The potential scale of unwanted outcomes from forensic biometrics, including negating a person’s human rights, is more bracing than lesser, though still unfortunate, human missteps made in the course of doing a difficult job.

And some people who today sit on the sidelines when law enforcement takes controversial actions could join the opposition to policing if AI is involved.

The GAO also recommends increased training for everyone involved in creating and operating forensic algorithms. Avoiding bias, along with mistakes and misuse, is critical to automating a foundational pillar of democratic society.

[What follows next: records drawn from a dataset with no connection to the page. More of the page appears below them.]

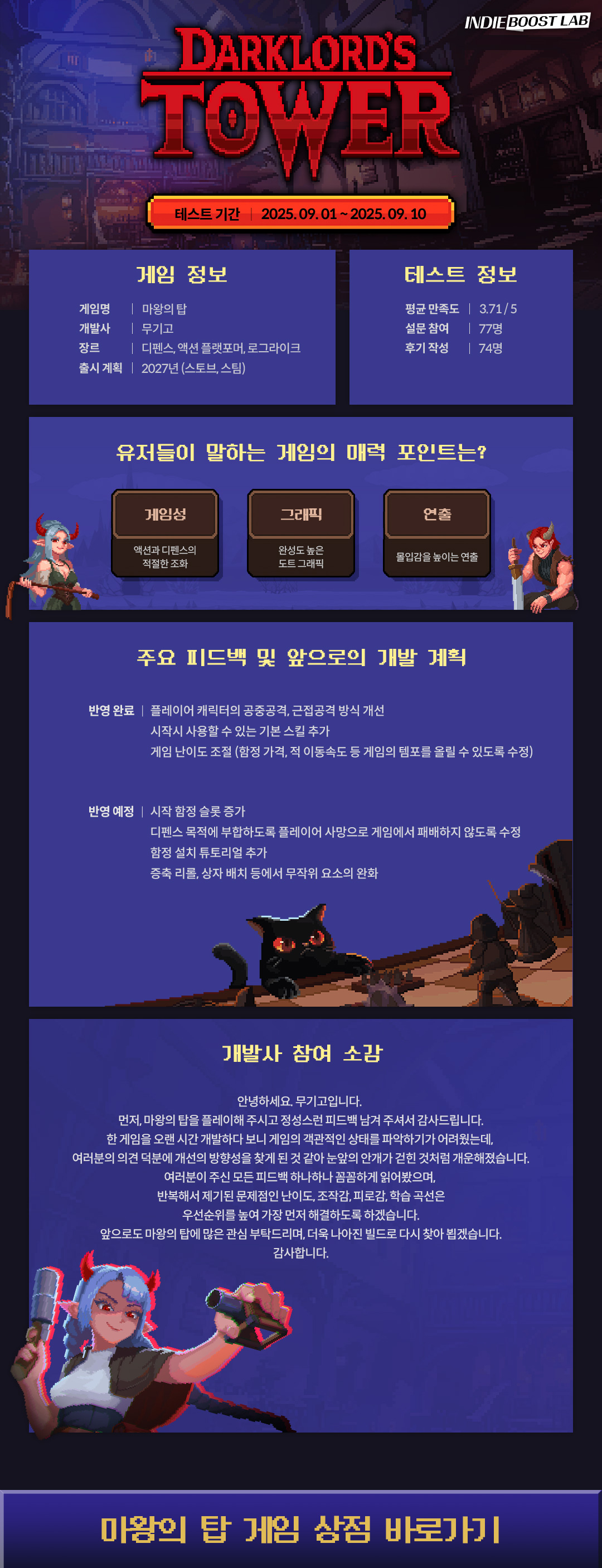 INDIE BOOST LAB에 참여한 '마왕의 탑'의 후기를 지금 확인해보세요!
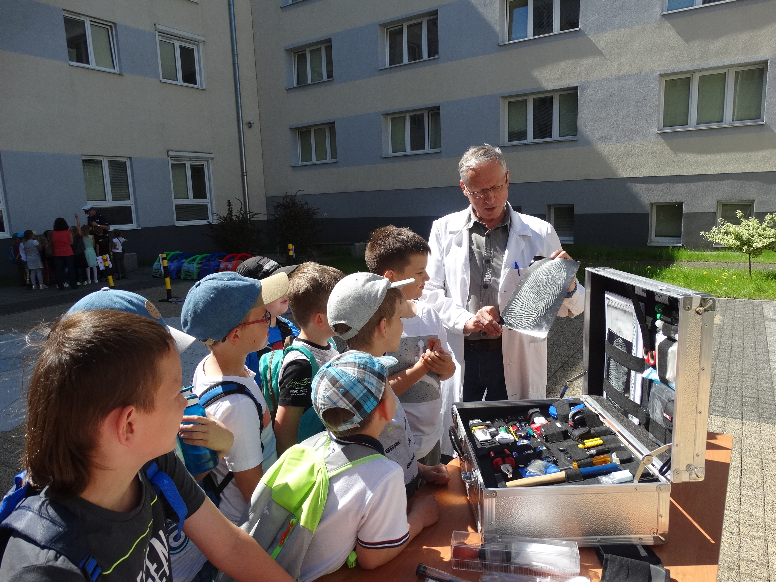 Maluchy odwiedziły także funkcjonariusza z Laboratorium Kryminalistycznego, który pokazał im, jak pobiera się odciski palców, a także w jaki sposób rozwiązuje się najtrudniejsze zagadki kryminalne. W trakcie wizyty w KWP najmłodsi zostali zapoznani również z pracą policjantów Wydziału Prewencji, a także dowiedzieli się, jak uniknąć niebezpieczeństw i zagrożeń, które mogą ich spotkać w życiu codziennym. Ponadto dzieci mogły obejrzeć filmy edukacyjne o bezpieczeństwie oraz usłyszały od funkcjonariuszy, jakie zagrożenia czekają na nie np. w drodze do szkoły czy podczas kontaktu z nieznajomymi osobami.
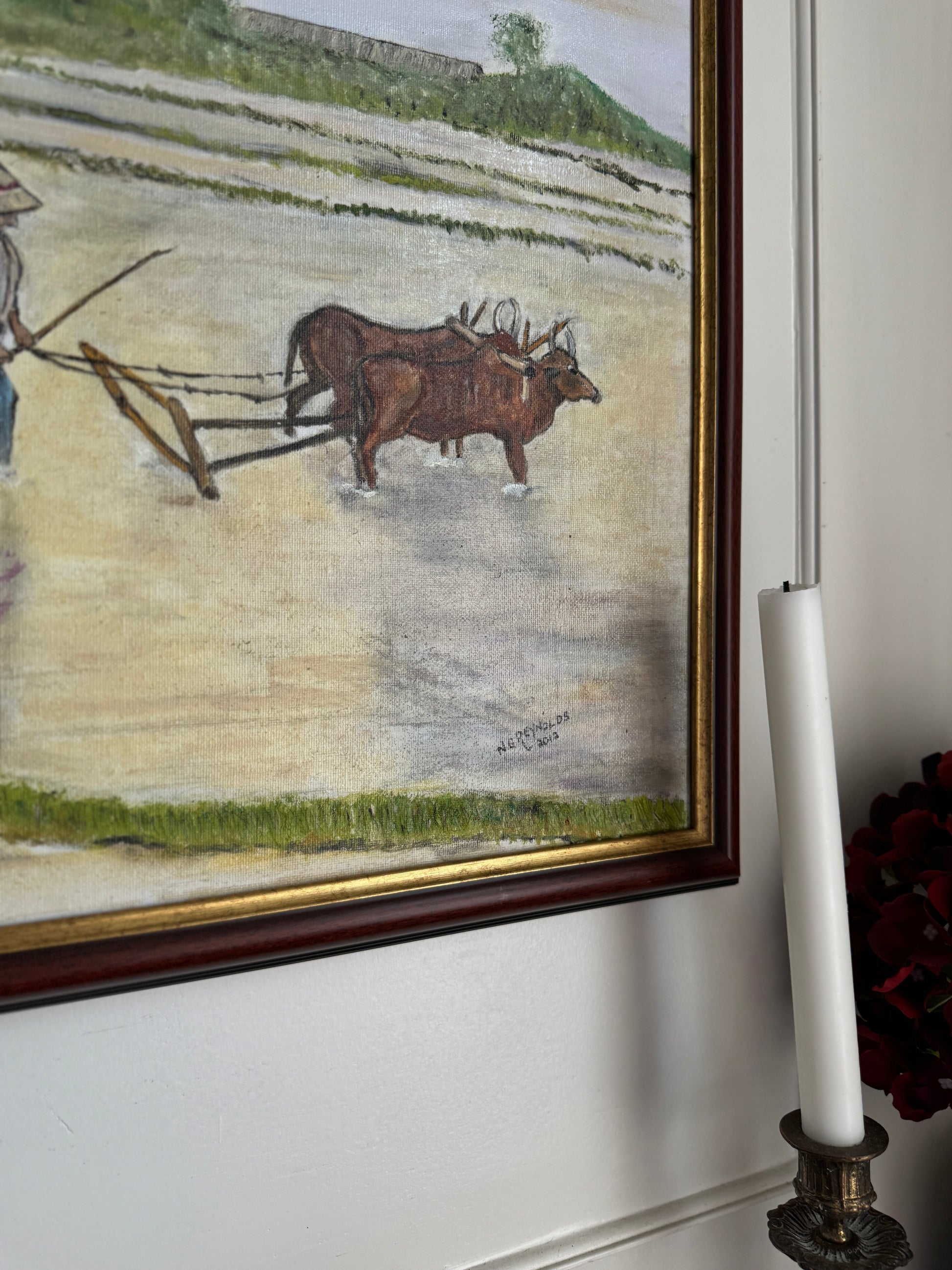This captivating oil painting is set in a vintage wooden frame and was created by N.G. Reynolds, a late artist from Solihull known for his rich, worldly perspective. Throughout his life, Reynolds travelled extensively, capturing diverse cultures, landscapes, and scenes from around the globe in his artwork.

The third recommendation is to maximize transparency at every stage of a forensic algorithm’s life cycle. The choice of data sets, tests, metrics, goals and corrective actions have to be as public as possible without, obviously, opening up the systems to tampering or gaming.

Being honest about the potential mistakes and open about misuse, and the procedures to minimize these inevitabilities, can build trust.

All three recommendations would aid in increasing trust in police work at a time when it really needs it.

Fingerprint algorithms are most familiar to those in the government, industry and the public, and of the three prevalent biometric algorithm types, it is oldest. And yet, something as simple as a print’s orientation in relation to a stored image can tank some vendors’ matching algorithms, according to the GAO’s report.

Facial recognition has its own collection of advantages and disadvantages, and would benefit most in the short term when it comes to demystification.

Probabilistic genotyping is the most esoteric of the three, and is a trickier tool than even face biometrics. The GAO says probabilistic genotyping can increase the variety of DNA evidence that can be analyzed in fighting crime.

Being probabilistic (as is most automated biometric tools), it cannot always do what many people think automation does — offer a binary answer to questions. Instead, algorithms typically assign numerical scores for multiple possibilities.

That makes facial recognition potentially problematic, and in the case of faces, people can see for themselves if results seem sound. That is not the case when working with DNA analysis.